# Using multiple flash cords for speedlights



## Gary W. (Nov 23, 2011)

Hey all,

I recently came across an off shoe cord that also allows a second flash to be mounted on the hot shoe position, as well. My question is this; I know it is possible, but are there any concerns that I should be aware of if using a second cord to mount a second speedlight off camera? I currently use a 7D with an OC-E3 and a 430EX. I was thinking of using another cord and get another flash to assist in flashed HS football photography so I can drop ISO and/or increase refresh rates of the flash.

Gary W.


----------



## bvukich (Nov 23, 2011)

Gary W. said:


> Hey all,
> 
> I recently came across an off shoe cord that also allows a second flash to be mounted on the hot shoe position, as well. My question is this; I know it is possible, but are there any concerns that I should be aware of if using a second cord to mount a second speedlight off camera?
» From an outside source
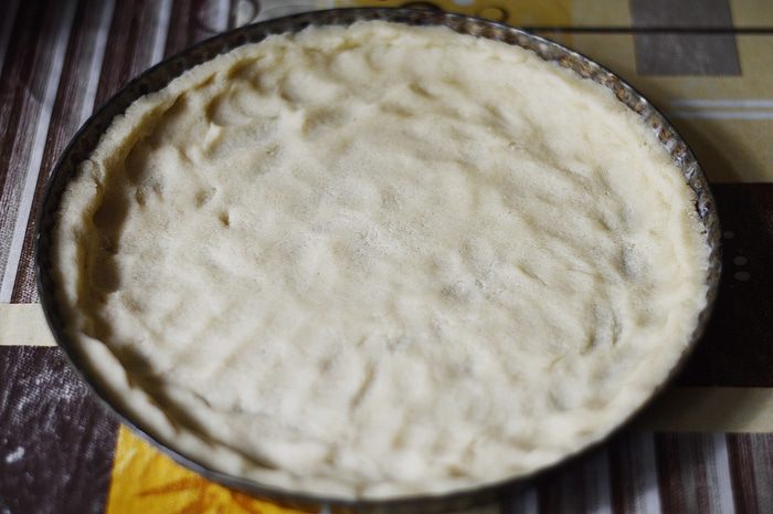Смазать форму для выпечки сливочным маслом и распределить тесто по форме, сформировав аккуратные бортики.

I currently use a 7D with an OC-E3 and a 430EX. I was thinking of using another cord and get another flash to assist in flashed HS football photography so I can drop ISO and/or increase refresh rates of the flash.
> 
> Gary W.



It works, but only to trigger (i.e. manual only).


----------



## briansquibb (Nov 23, 2011)

Flash bracket with 2 speedlights mounted cordlessly works well on a 7D. Dont forget to get a high bracket as the popup is needed to run the wireless.


----------



## Gary W. (Nov 23, 2011)

Hey all,

Wireless triggering on the 7D doesn't work on a consistent basis due to the flash being mounted @ 18-20" below the camera on a monopod with my hand in the way on the zoom ring. This is why I am looking at the possibility of multiple cords. Is there any voltage/power issues to deal with for running multiple flashes on cords?

Gary W.


----------



## briansquibb (Nov 23, 2011)

Perhaps you would tell us more - what the issues are, the kit you have and your budget. 

For example flashing with a 300mm on a 1.6 requires a different solution to shooting with an 15-85


----------



## Gary W. (Nov 23, 2011)

Hey all,

I am using a 70-200 Æ’2.8L USM that is on loan or a 70-300 Æ’4-5.6 IS USM, mostly the former for now. The budget would be about the cost of a 580EX II. I am thinking of maybe trying to get another 430EX (II) so that the output would be more balanced. Maybe save a little $$ as well.

Gary W.


----------



## Gary W. (Nov 23, 2011)

Hey all,

The main issue is to get more light on a HS football field. My 430EX works great when I can ensure that the flash trigger from the 7D will reach it. With my arm in the way, it is far from a guarantee. That is when I shoot in portrait mode, if I move the camera into landscape mode, the camera itself blocks the triggering flash.

Gary W.


----------



## PeterJ (Nov 23, 2011)

Gary W. said:


> Is there any voltage/power issues to deal with for running multiple flashes on cords?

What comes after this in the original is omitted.